Book Giveaway => “PHP and MySQL for Dynamic Web Sites: Visual QuickPro Guide” (4th Edition)

You must be subscribed to the newsletter to qualify for the book giveaway.

Larry Ullman’s Book News => “PHP and MySQL for Dynamic Web Sites” (4th Edition) and “Modern JavaScript”

I’m pleased to say that on Friday, September 9th, I received my hardcopies of the latest edition of “PHP and MySQL for Dynamic Web Sites: Visual QuickPro Guide”. This would suggest that the book should be available for purchase, or in bookstores, now or very soon. For details about the book, please see its corresponding pages. I’ve also created a new forum for this edition. Thanks to everyone for their interest in the book!

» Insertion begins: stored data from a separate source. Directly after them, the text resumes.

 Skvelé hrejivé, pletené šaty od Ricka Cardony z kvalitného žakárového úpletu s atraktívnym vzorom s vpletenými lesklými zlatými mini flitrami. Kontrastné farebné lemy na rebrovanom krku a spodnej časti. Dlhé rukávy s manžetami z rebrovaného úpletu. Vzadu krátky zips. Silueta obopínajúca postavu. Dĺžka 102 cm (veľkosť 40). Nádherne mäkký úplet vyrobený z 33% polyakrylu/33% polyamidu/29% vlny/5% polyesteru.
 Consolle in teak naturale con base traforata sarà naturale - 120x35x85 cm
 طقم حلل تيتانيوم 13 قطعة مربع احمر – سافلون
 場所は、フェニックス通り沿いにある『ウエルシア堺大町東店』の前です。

I’m also pleased to say that I’ve officially begun writing my next book, “Modern JavaScript: Develop and Design.” The first two chapters are on their way to the editors! The first chapter presents a history of JavaScript in Web development terms, ending with today’s conventions. It’s a short chapter that could have been used as a long introduction, but I think there’s an argument to understanding JavaScript’s history in order to best use it today. Also, you’re likely to run across legacy code, so it’s beneficial to be able to recognize what you should no longer be doing.

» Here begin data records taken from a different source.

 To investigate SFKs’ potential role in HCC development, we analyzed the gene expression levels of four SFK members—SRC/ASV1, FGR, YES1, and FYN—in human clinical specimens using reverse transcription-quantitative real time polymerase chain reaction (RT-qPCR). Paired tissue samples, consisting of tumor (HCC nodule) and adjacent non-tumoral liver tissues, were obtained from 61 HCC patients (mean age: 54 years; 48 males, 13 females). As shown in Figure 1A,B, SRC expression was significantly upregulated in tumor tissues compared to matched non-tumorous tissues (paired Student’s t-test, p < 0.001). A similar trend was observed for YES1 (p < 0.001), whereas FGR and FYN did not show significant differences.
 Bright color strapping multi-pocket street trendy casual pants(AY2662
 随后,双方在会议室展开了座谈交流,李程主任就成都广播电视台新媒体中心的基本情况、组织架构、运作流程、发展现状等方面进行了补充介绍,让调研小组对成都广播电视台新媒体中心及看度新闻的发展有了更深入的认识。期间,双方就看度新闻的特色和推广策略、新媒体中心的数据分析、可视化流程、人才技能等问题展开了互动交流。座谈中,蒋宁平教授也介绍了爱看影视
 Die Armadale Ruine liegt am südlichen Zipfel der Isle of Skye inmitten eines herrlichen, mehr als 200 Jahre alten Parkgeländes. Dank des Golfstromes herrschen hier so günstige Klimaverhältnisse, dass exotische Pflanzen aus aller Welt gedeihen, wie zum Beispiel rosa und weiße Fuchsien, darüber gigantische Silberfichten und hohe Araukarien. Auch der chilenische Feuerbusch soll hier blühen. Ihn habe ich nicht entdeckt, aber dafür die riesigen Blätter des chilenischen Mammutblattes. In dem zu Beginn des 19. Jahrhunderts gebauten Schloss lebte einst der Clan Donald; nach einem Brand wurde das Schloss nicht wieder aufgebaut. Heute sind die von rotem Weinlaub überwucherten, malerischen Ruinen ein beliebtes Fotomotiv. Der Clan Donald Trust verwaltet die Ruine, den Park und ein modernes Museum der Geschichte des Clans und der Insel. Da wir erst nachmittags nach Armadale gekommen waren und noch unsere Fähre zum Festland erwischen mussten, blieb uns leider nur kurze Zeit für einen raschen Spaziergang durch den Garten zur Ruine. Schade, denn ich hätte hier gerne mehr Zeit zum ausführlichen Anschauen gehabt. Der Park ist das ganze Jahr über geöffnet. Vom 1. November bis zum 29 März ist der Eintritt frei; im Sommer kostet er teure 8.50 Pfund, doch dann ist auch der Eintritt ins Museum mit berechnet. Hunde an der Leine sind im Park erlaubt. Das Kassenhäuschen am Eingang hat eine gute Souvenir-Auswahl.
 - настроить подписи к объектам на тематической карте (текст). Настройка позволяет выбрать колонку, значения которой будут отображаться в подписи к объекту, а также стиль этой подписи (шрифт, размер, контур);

The second chapter covers the importance of the DOCTYPE and then introduces HTML5. I will be using HTML5, in a limited way, in this book for all of the examples. This is partly because HTML5 has some great new form elements that are usable now and partly because HTML5 is clearly the future standard. Next, the chapter discusses key approaches to Web development and JavaScript programming: graceful degradation, progressive enhancement, and unobtrusive JavaScript. If you’re not already using these last two approaches, they’ll change the way you think about Web development and design. The chapter then jumps right into a real-world use of JavaScript—form validation, in order to whet your appetite and provide a sense of what you’re working towards.

After I send off this newsletter, I’ll begin writing Chapter 3. It goes through the “tools of the trade”: browsers, validators, debuggers, Web resources, and so on. And that concludes Part 1 of the book; Part 2 starts teaching JavaScript as a standalone language.

I believe the book will be made available online as I write it, and I’ll post details about that once I have them.